Da segunda vez, hospedou-se na casa do Dr. Getúlio. Veio também com sua tia, Vivina, uma varre-saiense. Ao acordar, Baden tomava o rumo de um bar próximo e bebia uma boa dose de uísque, depois o café. Vivina, mais tranquila, preferia tomar um chá de mate. Isso, em princípios dos anos 1970.
Da terceira vez, veio por conta das comemorações do centenário de Varre-Sai, em 1979, quando definitivamente entrou em contato com a cidade. Arroz de festa em todos os eventos. Participou até de reunião para criar condições de melhorias da cidade, um luxo! Mas o que deixou a cidade encantada (e o próprio Baden) foi a apresentação pública de alunos de violão do Professor Agiel Rampazzio. Momento mágico: o gênio do instrumento saudado pelas crianças aprendizes.

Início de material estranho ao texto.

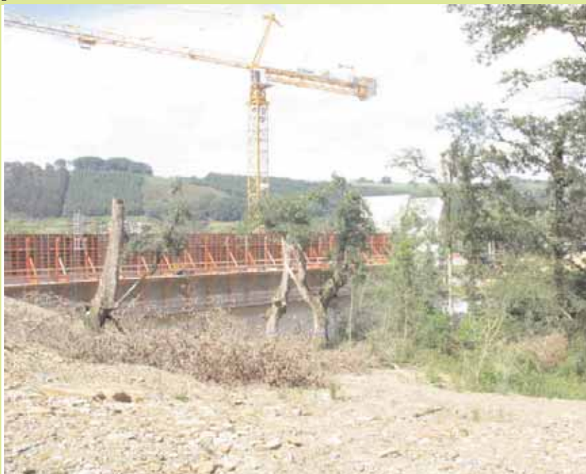
Photo 1. Barrage en construction. Un investissement de taille, pour une mise en sécurité de zones inondables à fort potentiel de développement urbain. Mais n'aurait-il pas été plus simple de déplacer la cible ?
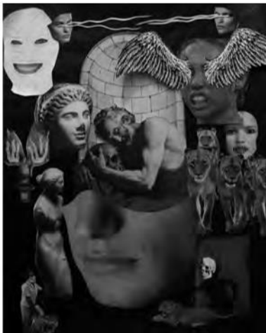
Swofford, J. (2017). San Jerónimo abraza su propia mortalidad .
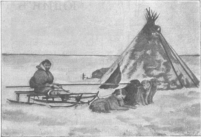
Чумъ самоѣда Вылки.

можно ли сегодня отправиться куда на охоту или въ экскурсію; новости, хотя ихъ было мало, все-таки были новостями, потому что другихъ и не было на этомъ островѣ, который только два раза въ годъ сообщался со всѣмъ остальнымъ свѣтомъ.
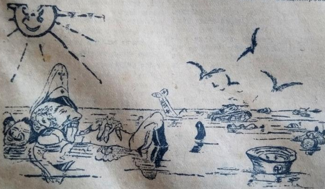
Рис. С. Владимирова.

В Крыму обогреться спеша, Не ждали фашисты отпора, И «плавают» гнусная свора В холодной воде Сиваша.
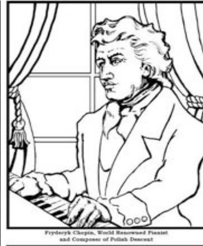
Sample of an illustrative line drawing made for coloring contest

Am 14. Oktober öffnet der Projektraum "The Wand" in der Paulstr. 34, Alt-Moabit, von 14:00 - 18:00 Uhr seine Türen für "Things Take Time", eine Ausstellung mit Kindermalwettbewerb. Gezeigt werden Fotografien und Texte der Politik- und Umweltjournalisten Anna-Katarina Gravggaard und William Wheeler. In Hinblick auf ihre journalistische Arbeit wollen Gravggaard und Wheeler mit ihren Fotografien die Zeit nach Gaddafi in Lybien dokumentieren, den Trinkwasserzugang in Indien, wie auch die Missstände im Bergbau in Kolumbien und den daraus resultierenden Kämpfen um den finanziellen Gewinn. Außerdem beinhaltet die Ausstellung Haitis Wiederaufbau nach dem letzten großen Erdbeben oder, wie Wheeler auf seiner Pulitzer Center Webseite hervorhebt: "nach der schlimmsten urbanen Katastrophe in der modernen Geschichte". Das Projekt bildet eine Mischung aus wissenschaftlich recherchiertem Hintergrundwissen und einer Rezension zu den neu agierenden Global Players.
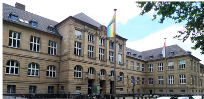
Figure: TH Köln Claudiusstraße 1.
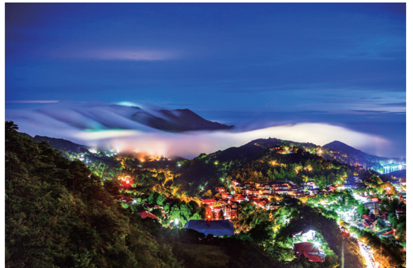
流光溢彩（二级收藏作品）
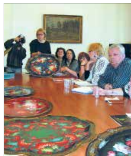
Заседание комиссии по народному искусству
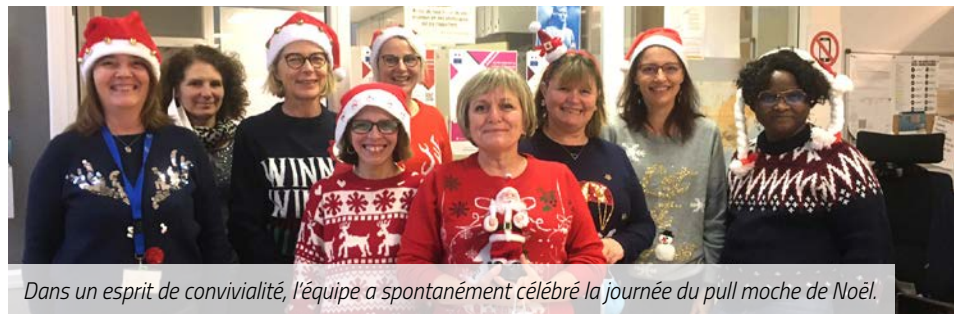
Dans un esprit de convivialité, l'équipe a spontanément célébré la journée du pull moche de Noël.
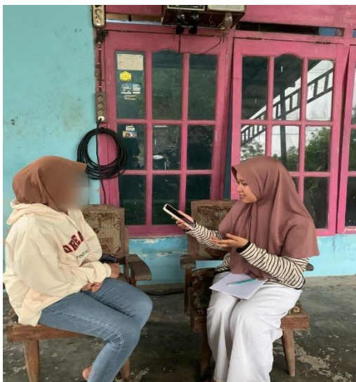
Dokumentasi Wawancara Dengan Informan AS
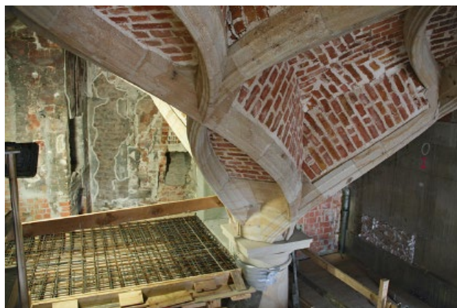
Bild 9. Detail Gewölbeanfänger auf Toskanischer Säule mit Abakusplatte

Nach Angaben des Sächsischen Staatsministeriums der Finanzen wurden in die Rekonstruktion des Schlingrippengewölbes 1,8 Mio. € investiert. Die Kapelle wird im Rohzustand belassen und im 3. Quartal 2013 an die Staatlichen Kunstsammlungen für öffentliche Nutzungen, insbesondere musikalische Veranstaltungen, übergeben.
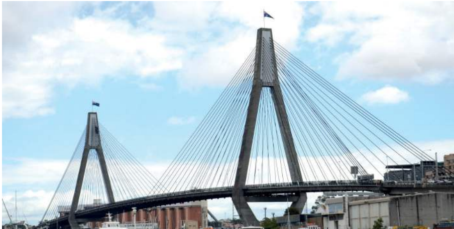
Figura 6: Puente Anzac

Quem viu, traz a emoção até hoje nas recordações. Demais, né? Nesta época veio com seu filho Philippe, com um ano de idade. Quando a Lira Santa Cecília desfilou pelas ruas, colocou seu filho num carrinho de bebê e acompanhou o desfile. De repente, o menino começou a aplaudir os músicos. Baden retornou para a casa aonde se hospedava, emocionado: – Ele aplaudiu, pela primeira vez, os músicos!
Viria mais uma vez, em 1999, poucos meses antes de sua morte, no ano 2000. Já estava debilitado, não bebia mais, tornara-se evangélico. Hospedara-se na casa da irmã do Dr Getúlio, Dona Memélia (que também o recebera em 1979), de quem se tornara grande amigo, aliás, uma amizade das famílias desde antes do nascimento do violonista. Segundo Maria da Conceição Vargas (filha de Dona Memélia), Baden gostava de ficar próximo de um fogão de lenha que havia na espaçosa e confortável casa. Ali, sentava-se para aproveitar o calor do fogo e relembrar fatos de sua trajetória como artista de fama nacional e internacional. Certa vez, Conceição, que morava no Rio, assistia a um programa na TV Cultura, um especial sobre Baden Powell. Ligou para a mãe, em Varre-Sai, e a avisou do especial. Dona Memélia respondeu-lhe: – Óh! Ele está aqui do meu lado! E ligaram a tevê para apreciarem o programa indicado.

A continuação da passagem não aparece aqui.